I'm not sure I get what you're saying here! Could you elaborate on this, please?
I'm departing here from the script of looking for an I, since Eloratea took you all the way down that hole, and you bounced right back up.
I'm bouncing back 'cause I don't wanna settle for half-baked understandings. It's easy to nodd and say "uh-uh, I got it!", but the heart knows when there is crystal clear freedom, and a deep intelectual understanding and a handfull of direct glimpses won't do.
And bouncing back from this topic shows how pivotal it actually is, how that is the linchpin that seems to be holding the whole structure. I wanna nail down this thing, and I will.
instead, close your eyes, and tell me where is your "I"? Is it in your body? If so where? Be precise. Narrow down this sense of "I" to a locale. And when you do, give it a size, a color, a shape. Find it, describe it.
Well, this sure sounds like the "script of looking for an 'I'". I like/need it, regardless of the frustrations inherent to such a delicate proccess!

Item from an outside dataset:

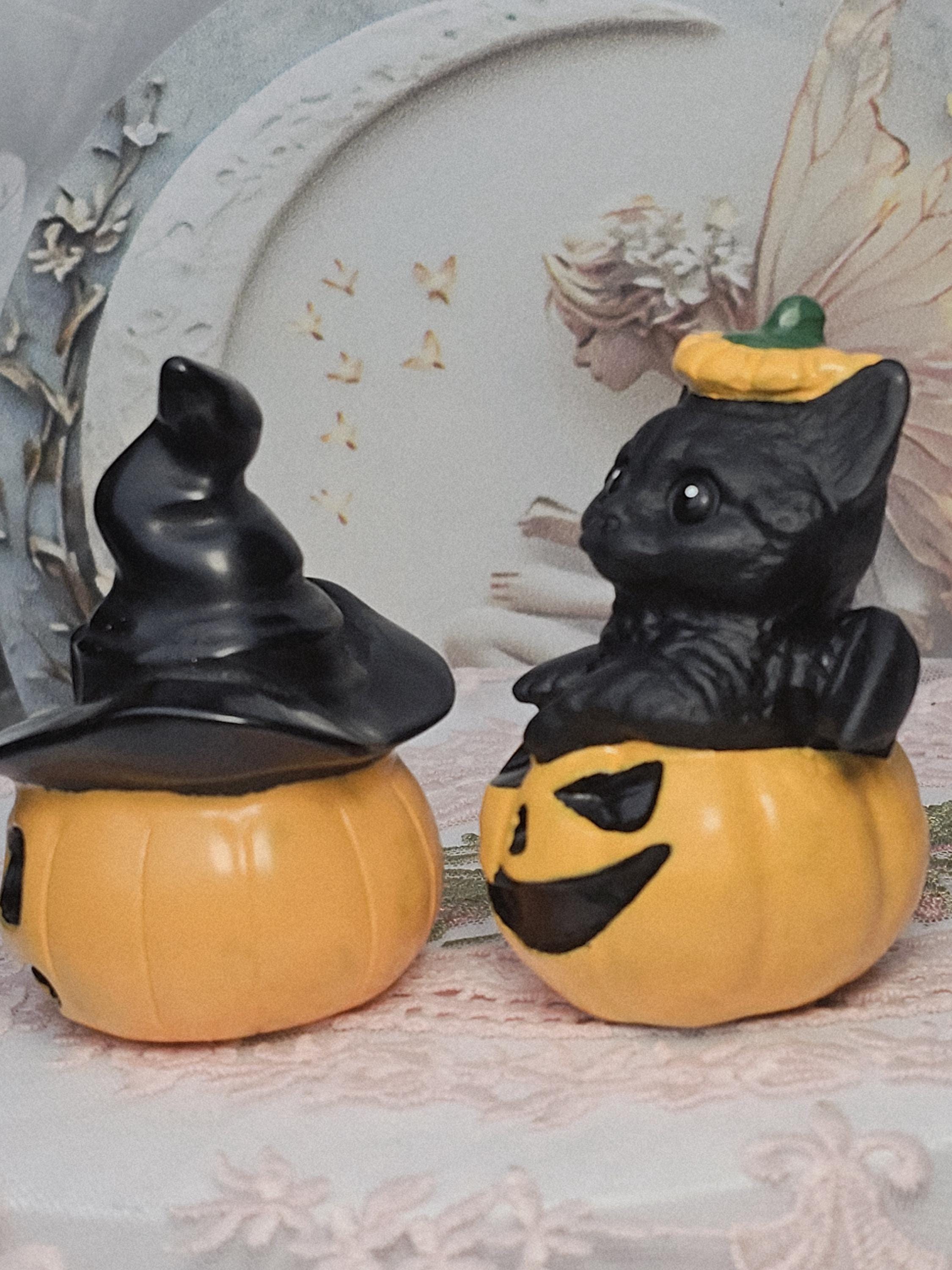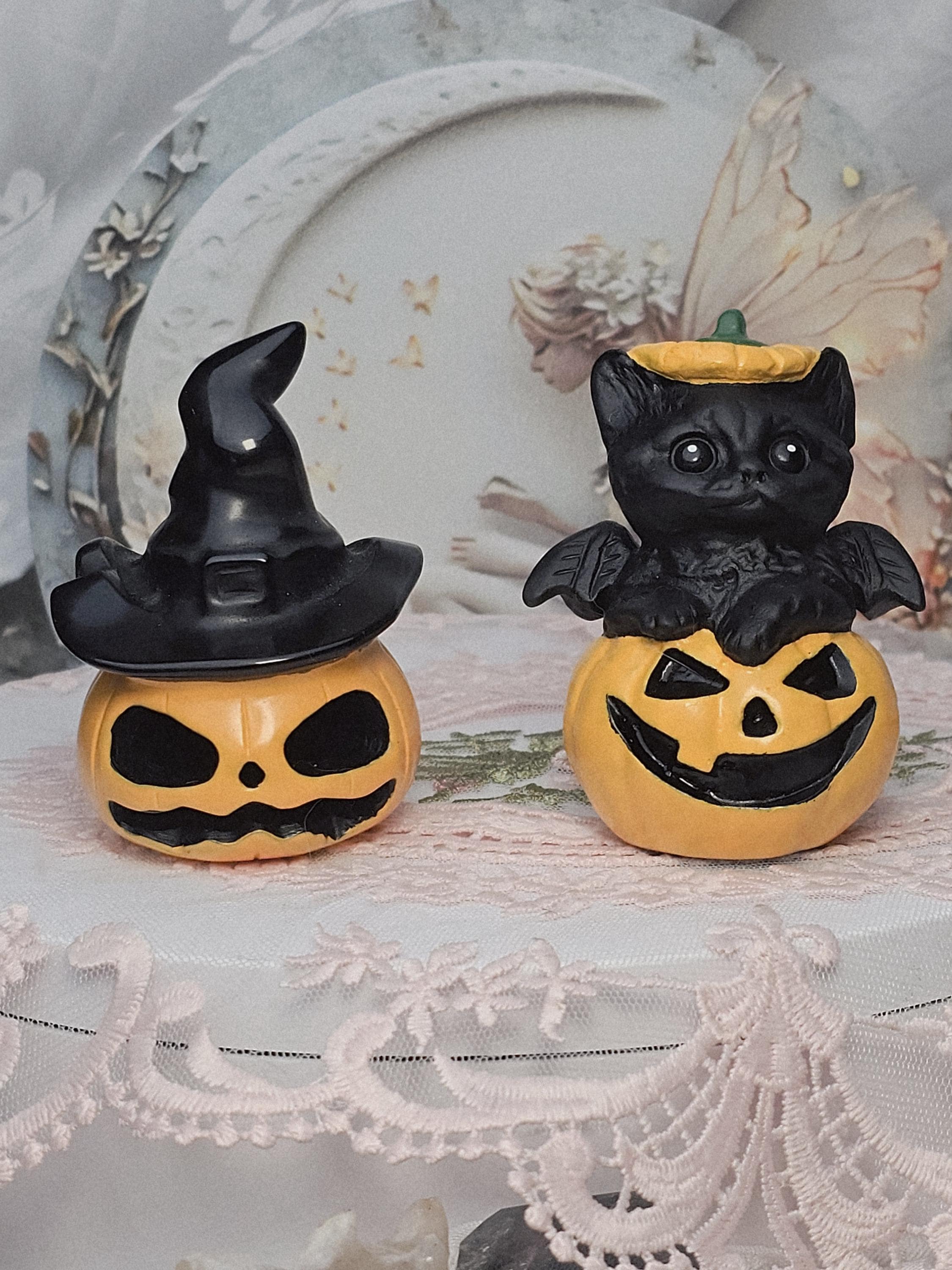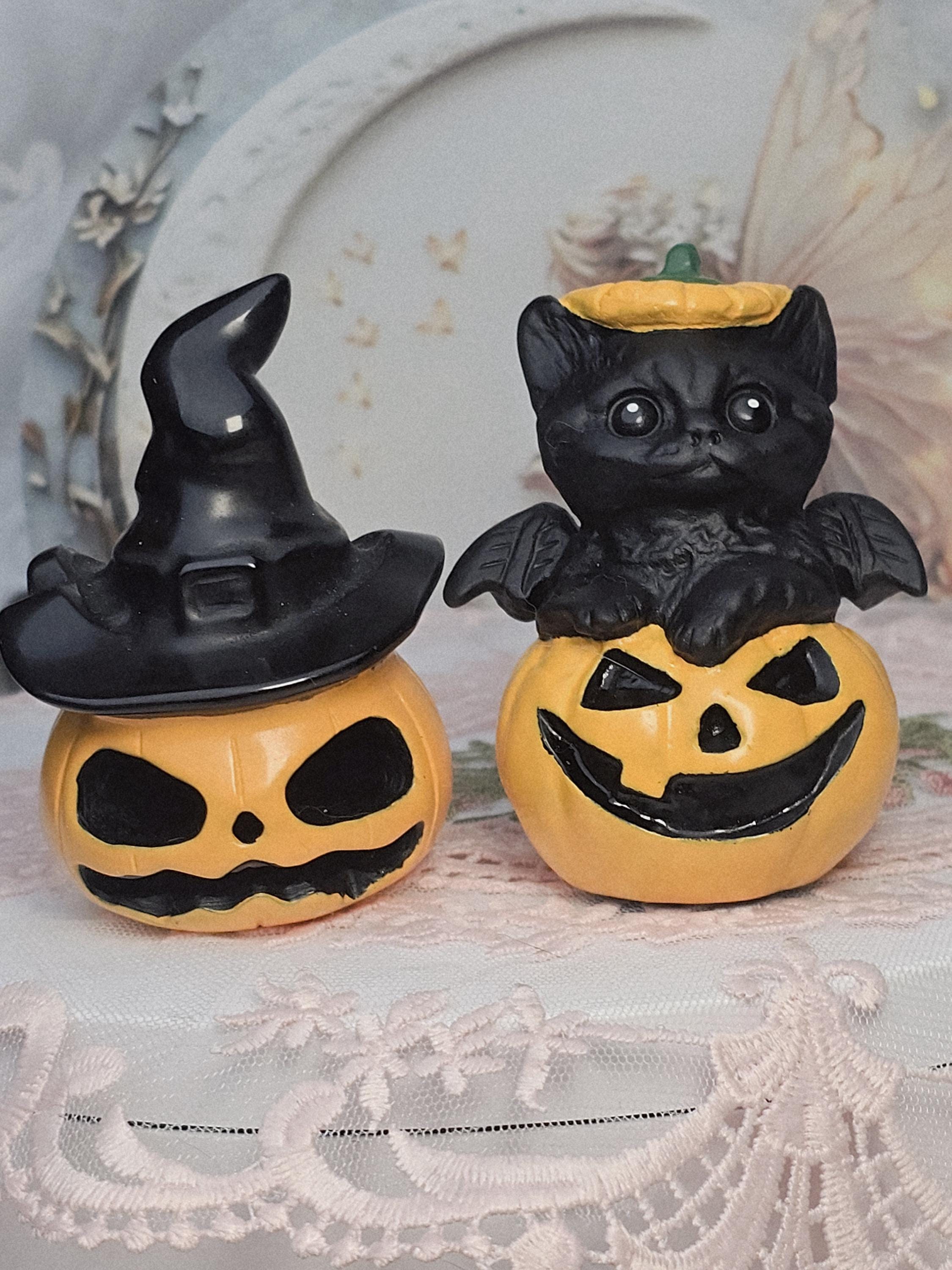Adorable Black Obsidian Halloween Set. The cat has the cutest face and has bat wings. It is a fun gift for Halloween . Anyone who loves animals will adore this cat sculpture. The Pumpkin is hollow to allow for a fairy light. The Obsidian Pumpkin is a cute tea lamp.

The lower part of the body doesn't seem to represent an issue, it's quite a vacant house, no one in there. It's the upper part that seems to bring the confusion in. The chest and head... They respond to stuff on a moment-to-moment basis, triggering emotions and/or thoughts about what happens. The idea of "me" is absolutely and clearly linked to this emotional/pshycological responses.
This responses, more than being the effects of the action of some "person", they seem to
be the cause of the person. Meaning, angry feelings and thoughts are not
coming from a person, they
are the person. Rupert Spira says that the person is not an enity, it is an activity. It's this loop thought-emotion-thought-etc., that seems to build up the idea of a person, and it's a vicious cycle, with the belief in "me" triggering thoughts-emotions that will again strenghten the belief in "me" and so on.
So, coming back to your question, where is this "I" and what does it look like? I can't locate it exactly. It doesn't seem to be anywhere, therefore the resemblence with a ghost...
In the meanwhile I took several minutes, eyes closed, tracing back the feeling "I". In fact, I ended up in a small ball of emotion in the middle of the chest. No colour or shape, of course, but a small center of energy, that thought is always refering to and reinforcing as "me". Thoughts are quite ethereal, they don't seem to happen inside the body or head, even. Their only "power" seems to be the emotional response they cause.
This is quite mysterious - and wasn't it for the suffering it causes, this whole identity issue, the belief in a "person" and the looking for it would be quite exciting and interesting. It's very puzzling and thrilling and it's frustrating not being able to use all my time to ponder on this... A couple of weeks of vacation would come in handy...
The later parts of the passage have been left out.